◆ EXERCISE DETAILS
Reproduce exactly the lines from the start of the records through the line containing "يستعرض التقرير التالي", both included. Leave the pictures out.

◆ DATA EXTRACTS

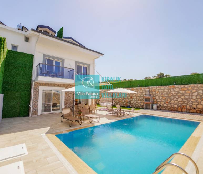 Villa Letoon 1, Fethiye’nin Kumluova bölgesinde Patara plajına karşı konumlanmış 4 yatak odalı özel havuzlu bir villadır. Havuzu oldukça büyük olan villamızda huzurlu ve sakin tatil keyfini sonsuz yaşayacaksınız. Villamızın Kendine ait özel bahçesi ve havuzu mevcuttur.
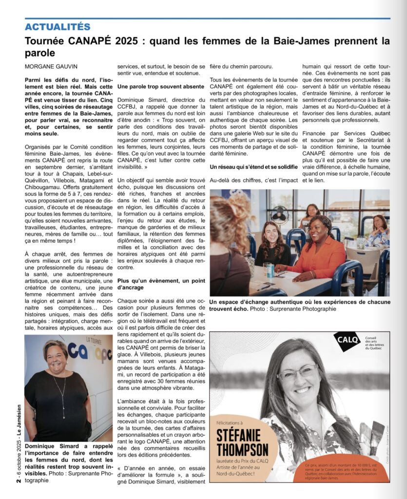 « Cette édition a une fois de plus démontré toute la force du réseautage entre femmes. L’énergie, la solidarité et la richesse des échanges confirment que CANAPÉ répond à un véritable besoin dans la région », souligne Dominique Simard, directrice du CCFBJ.
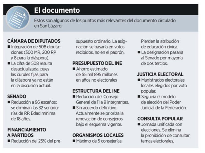 Por ahora, los puntos han trascendido como parte del diseño preliminar que se elabora en Palacio Nacional. La discusión formal marcará el siguiente paso.
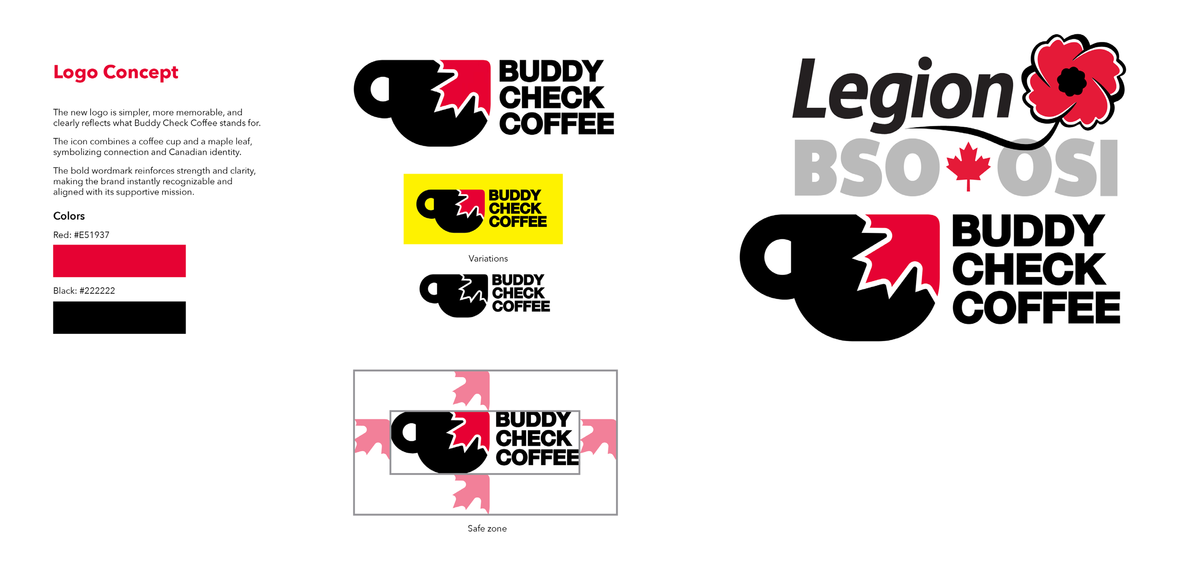 This was a large and multifaceted project with numerous deliverables that drew on both technical expertise and interpersonal skills. The client’s program, “Buddy Check Coffee,” did not align with the Royal Canadian Legion’s established brand identity, so I designed all assets to integrate seamlessly with the RCL style guide.
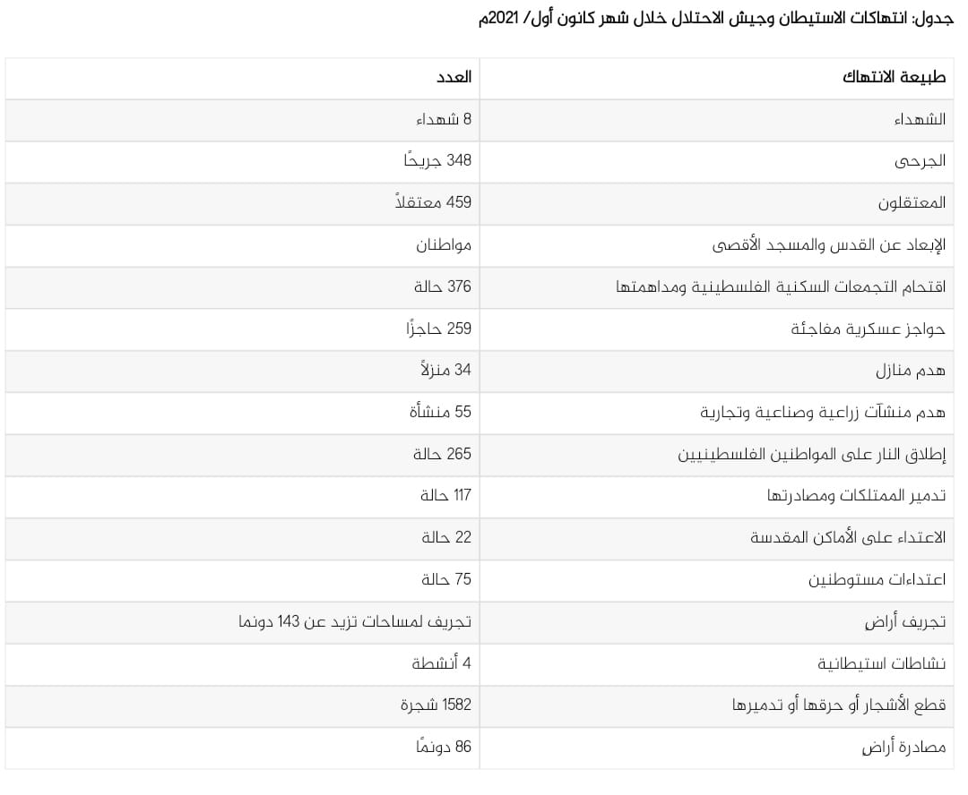 يستعرض التقرير التالي وبشكل موجز أبرز اعتداءات جيش الاحتلال الإسرائيلي، وأهم الانتهاكات الاستيطانية بحق الفلسطينيين خلال شهر ديسمبر 2021.
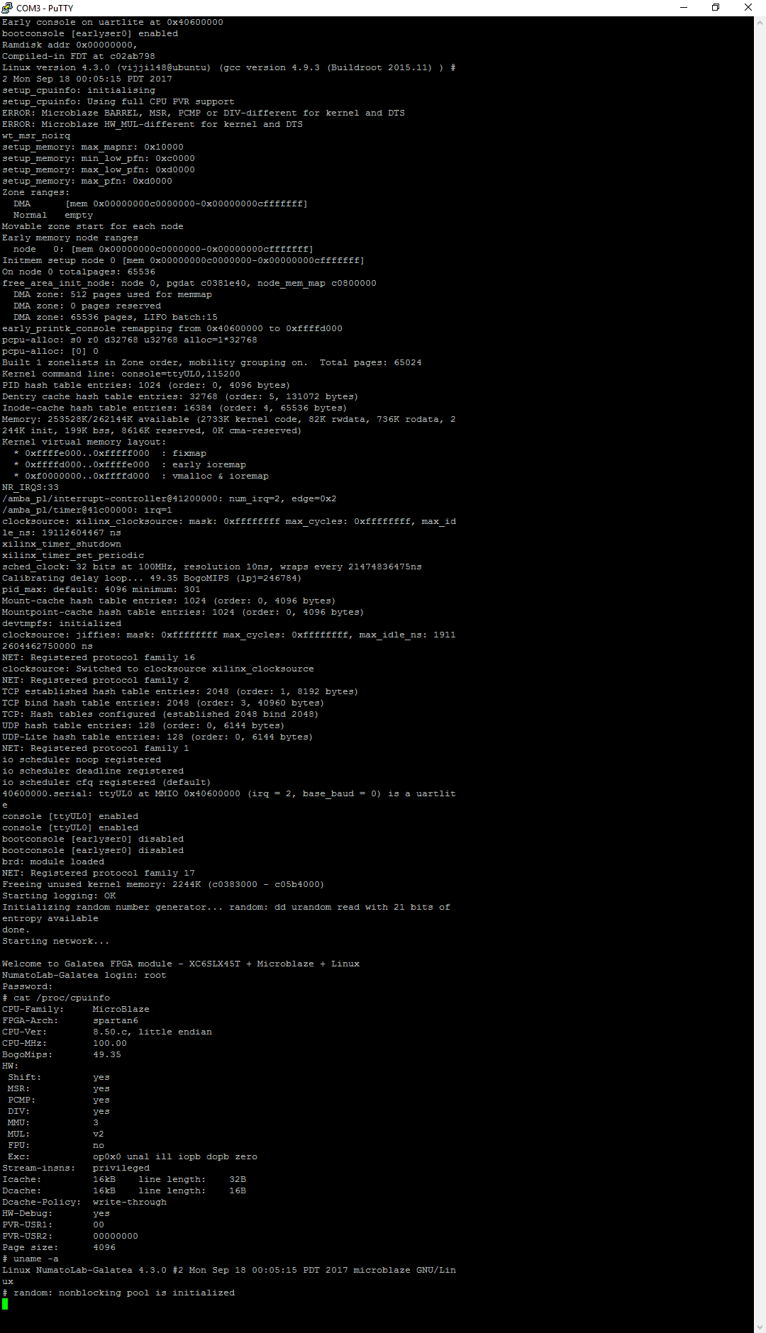 You can login to Linux with username “root” and password as “galatea”. We have a successfully running Linux kernel in Galatea PCI Express Spartan6 FPGA Board! Congratulations! Those who could not successfully boot, please don’t give up and keep trying. You should be able to tackle this without much difficulties.
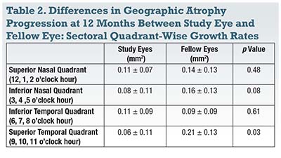 Twelve months after treatment, the researchers found no statistically significant difference in the mean change in total GA area between study and fellow eyes. However, the sectoral growth rate of GA in the superotemporal quadrant where the injections were placed was significantly slower in study eyes (0.06 ± 0.11 vs. 0.21 ± 0.13 mm2, p=0.03). The progression rate in the superotemporal quadrant was also significantly slower than the other three quadrants of the study eye combined (p=0.003).

◆ ANSWER SECTION
 Villa Letoon 1, Fethiye’nin Kumluova bölgesinde Patara plajına karşı konumlanmış 4 yatak odalı özel havuzlu bir villadır. Havuzu oldukça büyük olan villamızda huzurlu ve sakin tatil keyfini sonsuz yaşayacaksınız. Villamızın Kendine ait özel bahçesi ve havuzu mevcuttur.
 « Cette édition a une fois de plus démontré toute la force du réseautage entre femmes. L’énergie, la solidarité et la richesse des échanges confirment que CANAPÉ répond à un véritable besoin dans la région », souligne Dominique Simard, directrice du CCFBJ.
 Por ahora, los puntos han trascendido como parte del diseño preliminar que se elabora en Palacio Nacional. La discusión formal marcará el siguiente paso.
 This was a large and multifaceted project with numerous deliverables that drew on both technical expertise and interpersonal skills. The client’s program, “Buddy Check Coffee,” did not align with the Royal Canadian Legion’s established brand identity, so I designed all assets to integrate seamlessly with the RCL style guide.
 يستعرض التقرير التالي وبشكل موجز أبرز اعتداءات جيش الاحتلال الإسرائيلي، وأهم الانتهاكات الاستيطانية بحق الفلسطينيين خلال شهر ديسمبر 2021.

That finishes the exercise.